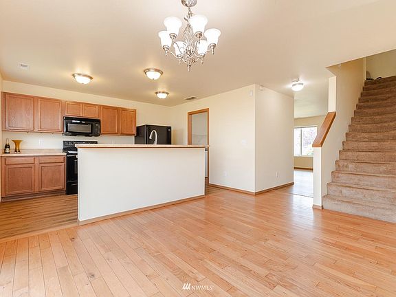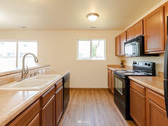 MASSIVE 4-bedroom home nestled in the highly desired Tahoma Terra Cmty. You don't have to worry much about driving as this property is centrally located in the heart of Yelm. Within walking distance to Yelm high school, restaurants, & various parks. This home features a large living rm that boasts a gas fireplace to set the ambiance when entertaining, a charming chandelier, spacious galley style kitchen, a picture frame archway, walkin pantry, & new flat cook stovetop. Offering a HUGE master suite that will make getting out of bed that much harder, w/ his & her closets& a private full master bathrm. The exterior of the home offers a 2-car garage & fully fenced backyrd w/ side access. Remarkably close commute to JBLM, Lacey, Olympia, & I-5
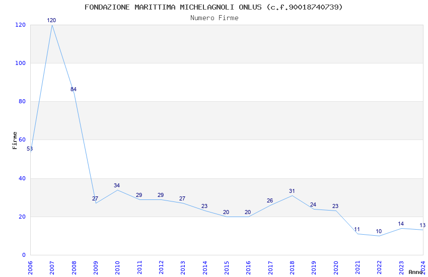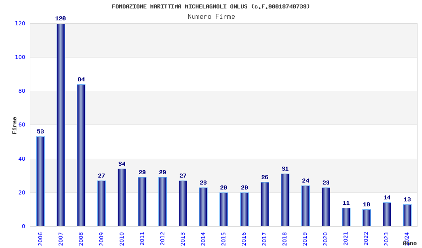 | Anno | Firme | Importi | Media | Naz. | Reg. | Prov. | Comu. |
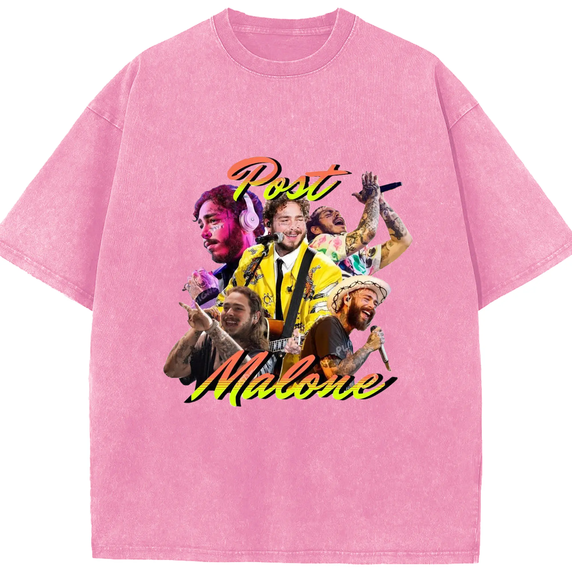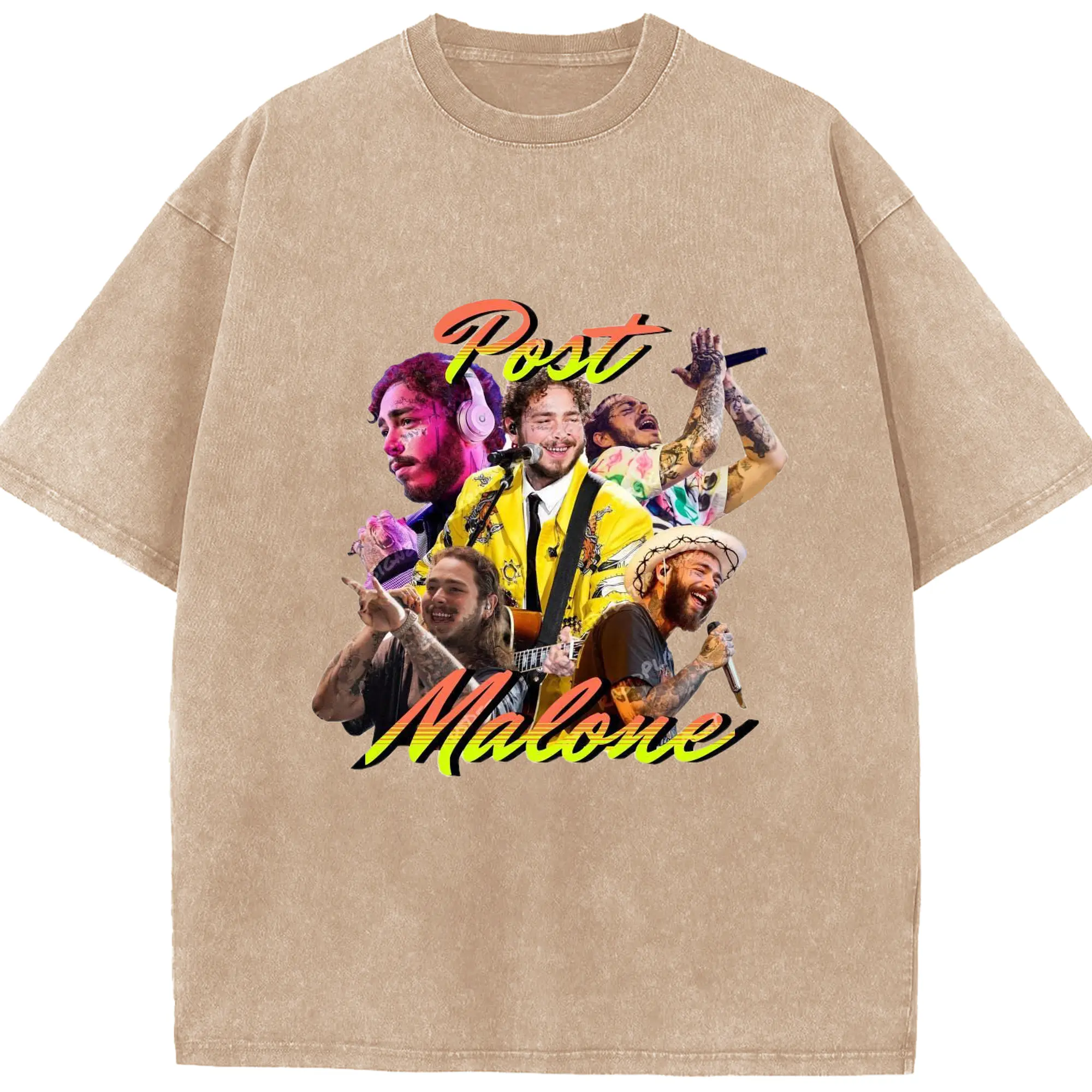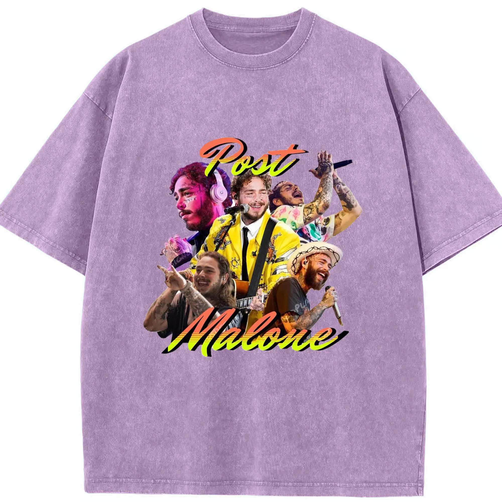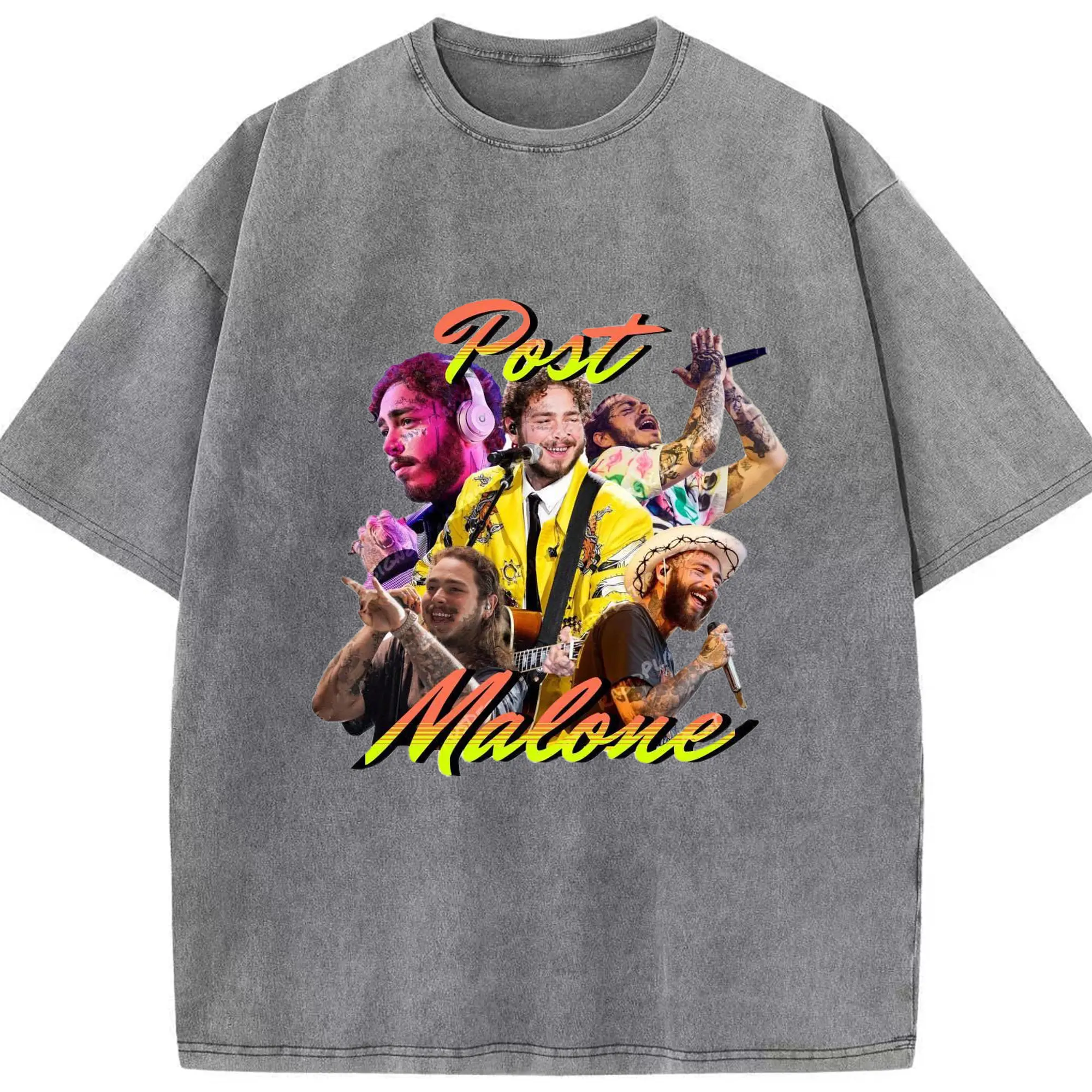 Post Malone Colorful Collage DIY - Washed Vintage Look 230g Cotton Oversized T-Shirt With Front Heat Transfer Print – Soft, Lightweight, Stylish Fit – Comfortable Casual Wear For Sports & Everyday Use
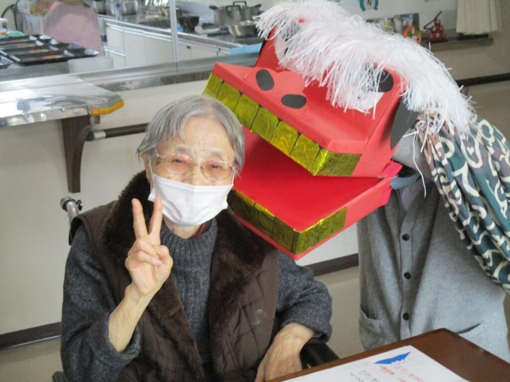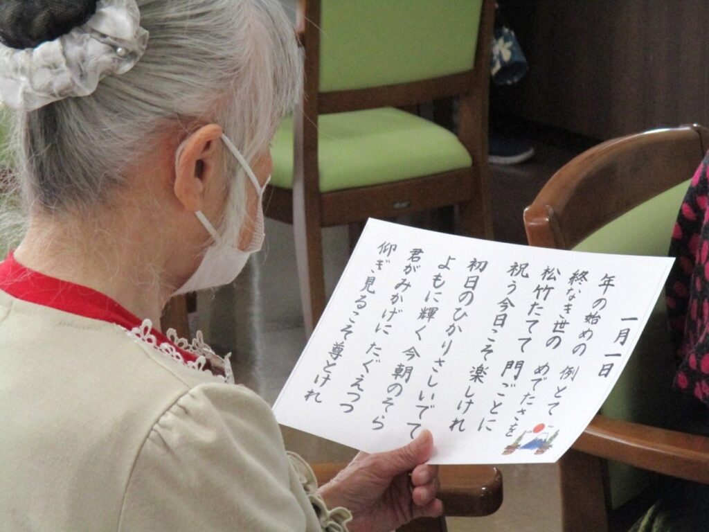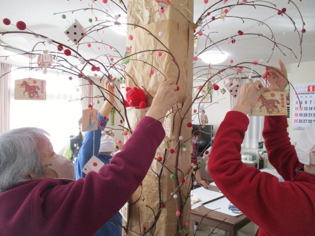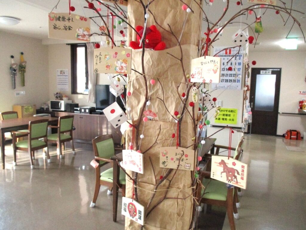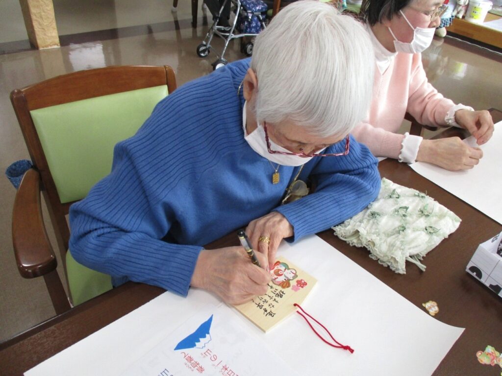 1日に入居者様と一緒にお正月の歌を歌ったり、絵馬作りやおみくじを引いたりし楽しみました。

□ □ □ □ □

Work instructions -
Pictures are to be omitted. Output verbatim only the lines from the one holding "Post Malone Colorful" through the end of the material, both included.

Solution for this task -
 Post Malone Colorful Collage DIY - Washed Vintage Look 230g Cotton Oversized T-Shirt With Front Heat Transfer Print – Soft, Lightweight, Stylish Fit – Comfortable Casual Wear For Sports & Everyday Use
 1日に入居者様と一緒にお正月の歌を歌ったり、絵馬作りやおみくじを引いたりし楽しみました。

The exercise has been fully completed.